And... ?
You haven't posted a question.

I don't know exactly why it doesn't work, but I can see some things which you are doing wrong. Your clippers instance variables are being used like global variables to the algorithm instead of using them in a proper object-oriented way, and that just makes your algorithm hard to understand and debug. Why are they all public? What is the exact purpose of each of them? Why do you keep testing the value of clipBorder when apparently nothing in your code ever changes its value? Since it's a public, we can't be sure just how or why its value might change.
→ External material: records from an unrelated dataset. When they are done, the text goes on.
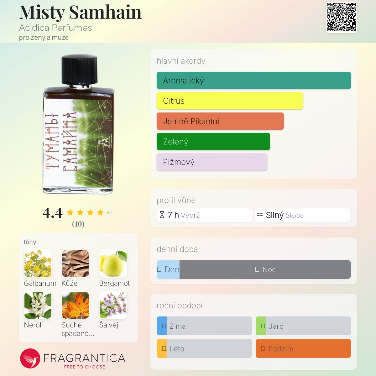 Misty Samhain podle Acidica Perfumes je vůně pro ženy a muže. Misty Samhain byl/a uveden/a v roce 2011. "Nosem" za touto vůní je Elena Markova.
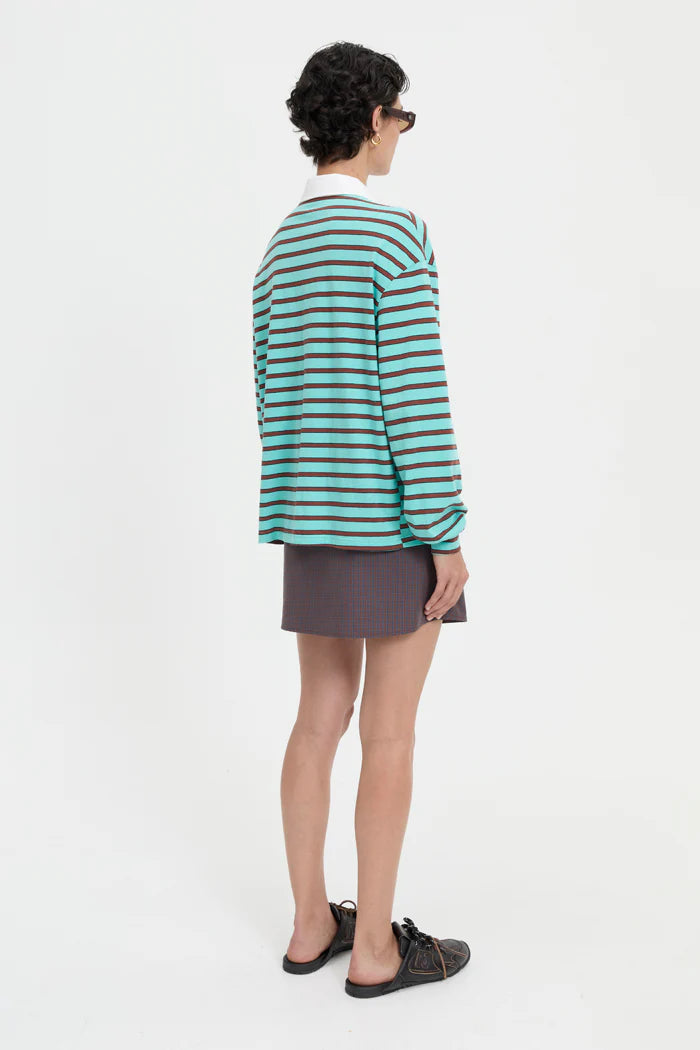 Cut from cotton in a classic blue and brown stripe, it features a contrasting white collar, partial button placket, and ribbed cuffs.Composition: 100% Cotton
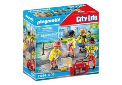 Playmobil 2er Set bestehend aus:PLAYMOBIL® 71244 RettungsteamPLAYMOBIL® 71204 RettungscaddyPLAYMOBIL® 71244 RettungsteamFiguren: 2 Männer, 2 Frauen; Zubehör: 1 Infusion mit Infusionsschlauch, 1 Stetoskop, 1 Erste Hilfe Instrumente, 2 Verbandsschienen, 1 Wasserflasche, 1 Defibrilator, 1 Verbandskoffer, 1 Cap, 1 ArmbanduhrPLAYMOBIL® 71204 RettungscaddyFiguren: 1 Sanitäterin, 1 Sanitäter, 1 Verletzter
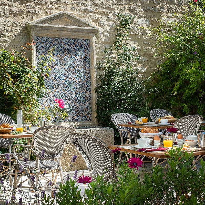 Cet hôtel particulier du XVIIIe siècle, jadis offert par Louis XVI à Marie-Antoinette, déploie 3 000 m² de jardins, cours pavées et terrasses embaumées de lavande et de jasmin. Une piscine extérieure chauffée en saison et un spa Cinq Mondes privatisable — bassin à contre-courant, jacuzzi, soins bio — complètent l'ensemble. Les chambres vont des décors d'époque au Pavillon Indien, construit en bois ancien récupéré.

You should rewrite your algorithm so that clipper has no instance variables. It apparently does nothing but implement the algorithm, and there is no need for any global variables for that algorithm. If you simplify it, it will become easier for you to spot any problems. If you find yourself wanting instance variables, I suggest they should be private final variables, set in the constructor and used as input to the algorithm. That can be done safely without confusing anything, and it would allow you to cut down the number of arguments to your methods.
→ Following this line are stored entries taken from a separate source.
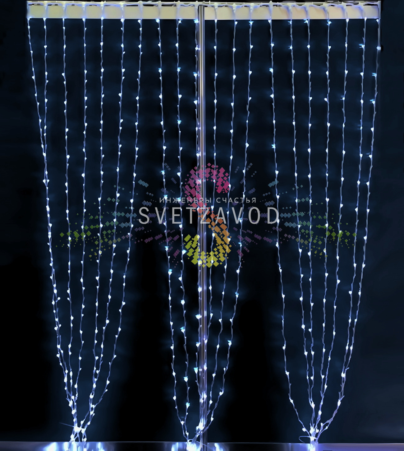 Световой занавес с эффектом водопада является идеальным и уникальным решением для создания яркой, праздничной атмосферы. Наслаждение, приносимое светодиодной гирляндой «Водопад», сопоставимо с созерцанием ночного звездного неба или течения воды. В гирлянде "Водопад", ряды светодиодов последовательно мерцают, создавая эффект "текущей воды". Украсив свое заведение с помощью светового водопада, Вы будете уверены, что Вас запомнят и к Вам обязательно придут снова! Световой занавес состоит из горизонтального шлейфа длиной 2,0 метра, на который уже и устанавливаются 13 вертикальных нитей-гирлянд, длиной 3 метра каждая, с расположенными на них светодиодами (585 штук в сумме на всю гирлянду). Цвет проводов, в зависимости от модификации может быть как черного, так и прозрачного цвета. Данные водопады соединяются между собой до 2 шт. Контроллер для гирлянды в комплекте.
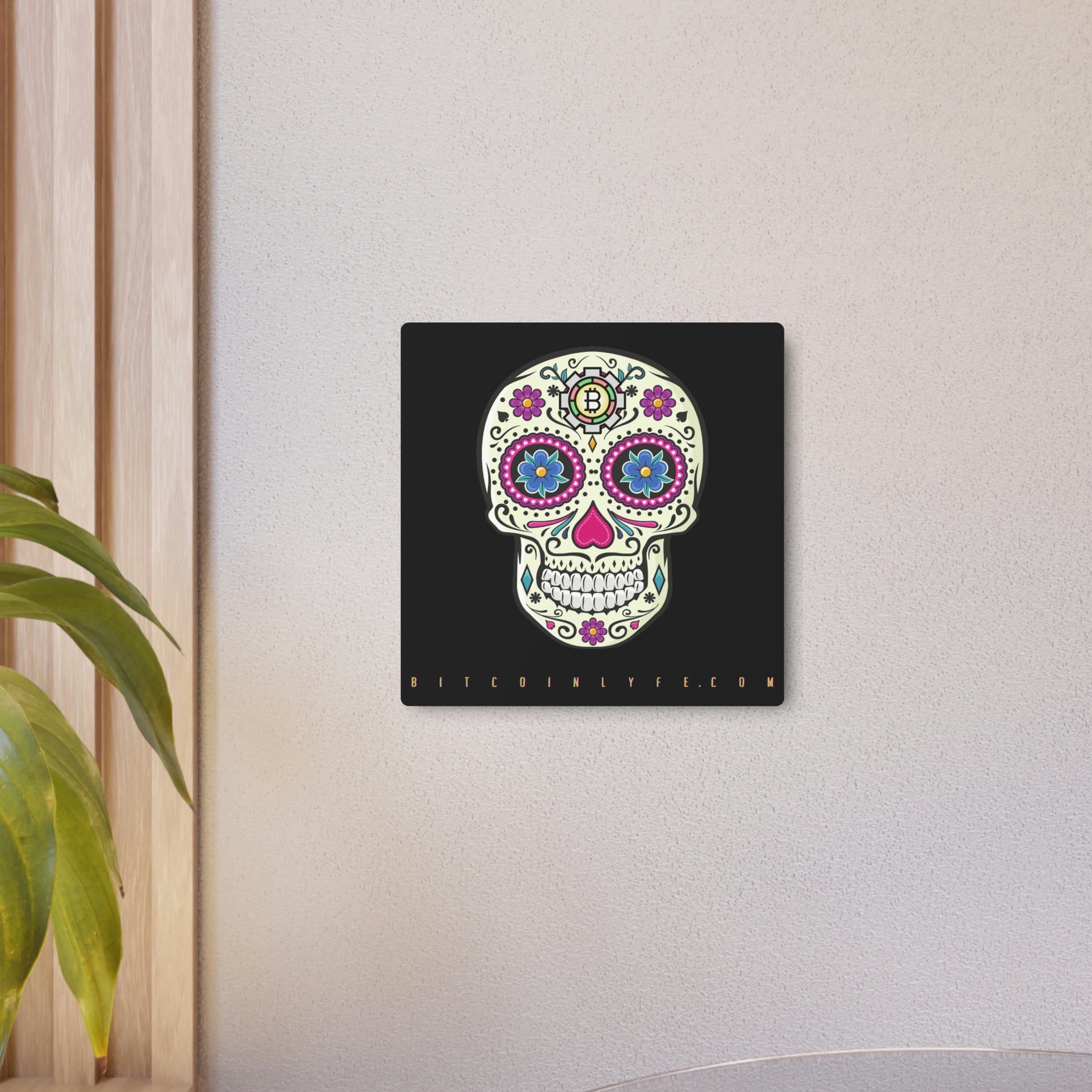 Made with 3mm aluminum composite, these Día de los Muertos Bitcoin signs come with a beautiful matte finish that is ideal for printing. Each sign comes with one mounting block for effortless hanging.
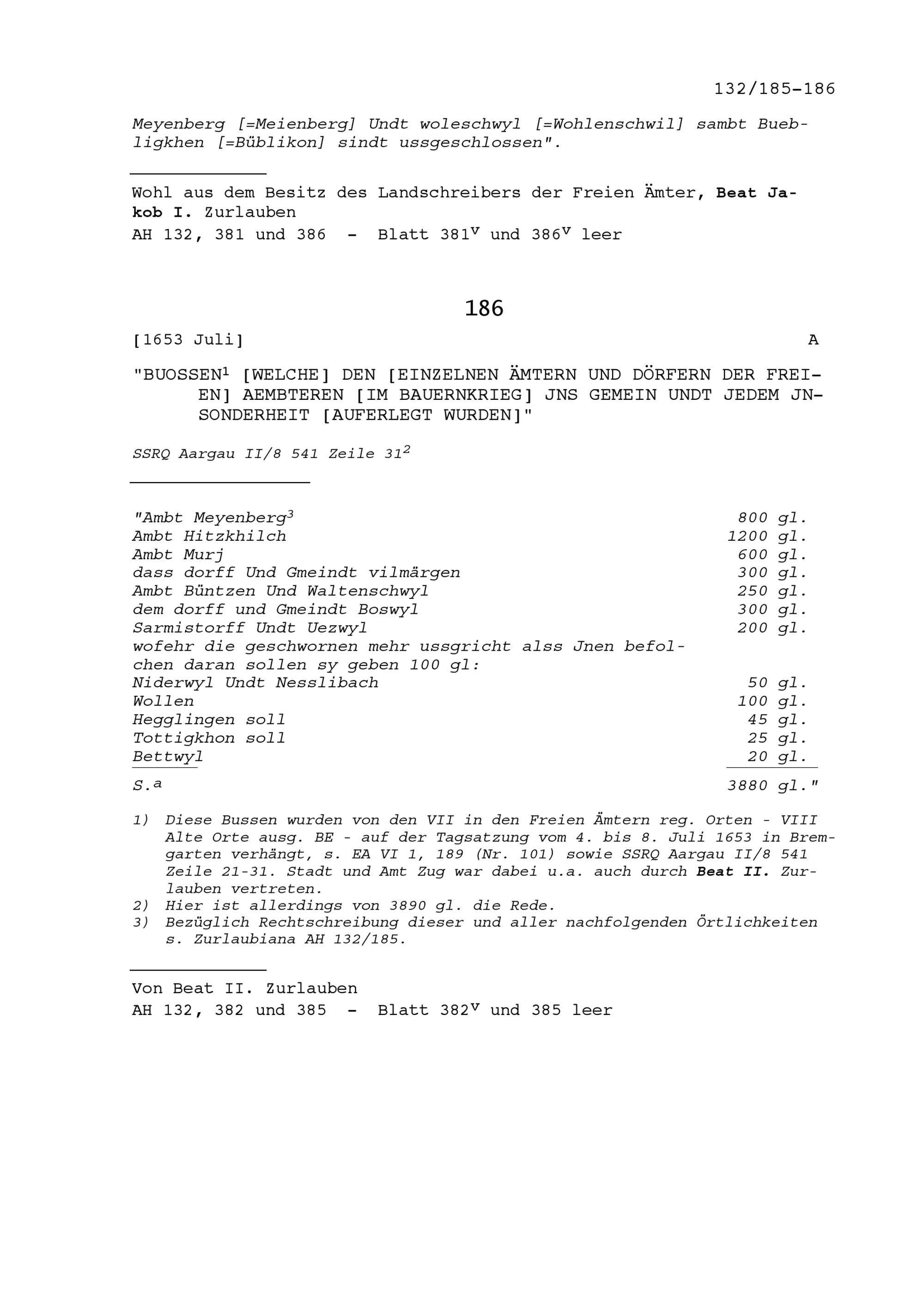 Vorschlag wie die 15'000 Gulden Kontributionen durch die Freien Ämter zu bezahlen sind
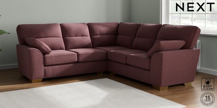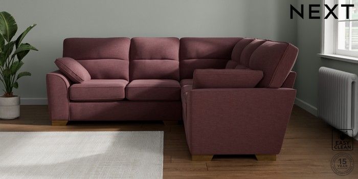7.2.10 Stamford Highback Medium Corner Sofa - Universal Fine Chenille Easy Clean Mid Mulberry Purple Large Square Angle - Brushed Brass | Made Click here to use our website with more accessibility support, for example screen readers
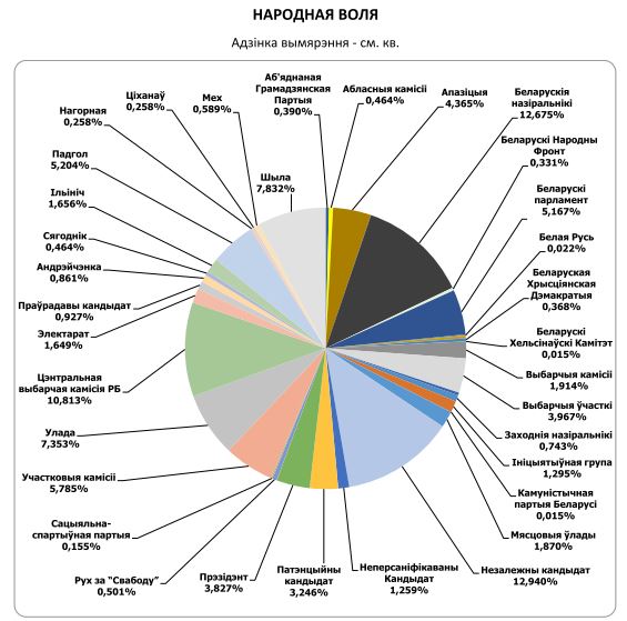 У адрозненне ад tut.by, агульнанацыянальная “Народная Воля” падавала больш кантрастныя (пераважна адмоўныя) ацэнкі дзейнасці ЦВК, улады, дзеючага парламента, Прэзідэнта, выбарчых участкаў і г.д. Разам з тым, канкрэтных кандыдатаў яна ацэньвала галоўным чынам нейтральна.

OK, I will try to explain your algorithm from reading your code.

1. You pass in a set of vertices from v0 up to v(n-1) where n is the total number of vertices. The v0 and v(n-1) are connected.
2. You start it from Lx,y [v(n-1)] and Cx,y [v0].
3. If point Cx,y is inside the clipping area
   3.1 if Lx,y is also inside the clipping area, the Cx,y is a part of new polygon (clipped polygon).
   3.2 else the line created by Cx,y and Lx,y should intersect with the clipping border. Obtain the intersection point and add both Cx,y and the intersected point to the new polygon.
4. Else if point Lx,y is inside the clipping area, then there should be an intersection point. Obtain the point and add to the new polygon
5. Lx,y is not Cx,y
6. Cx,y is the next vertex in the list
7. Go back to #3

Problem: You have the values of clipping area (x0,y0) to (x1,y1) but you never use them. You used only clipping border (pass to the isIntersect() or isInside()). I am guessing that clipBorder has 4 values -- 0 is top edge, 1 is right edge, 2 is bottom edge, and 3 is left edge. If you do not use the passing in rectangle clipping points, you are comparing NOTHING.

PS: isIntersect() should return the intersection point instead of placing it in the class's variables -- intersectX & intersectY. Because of doing so, it is really difficult to follow.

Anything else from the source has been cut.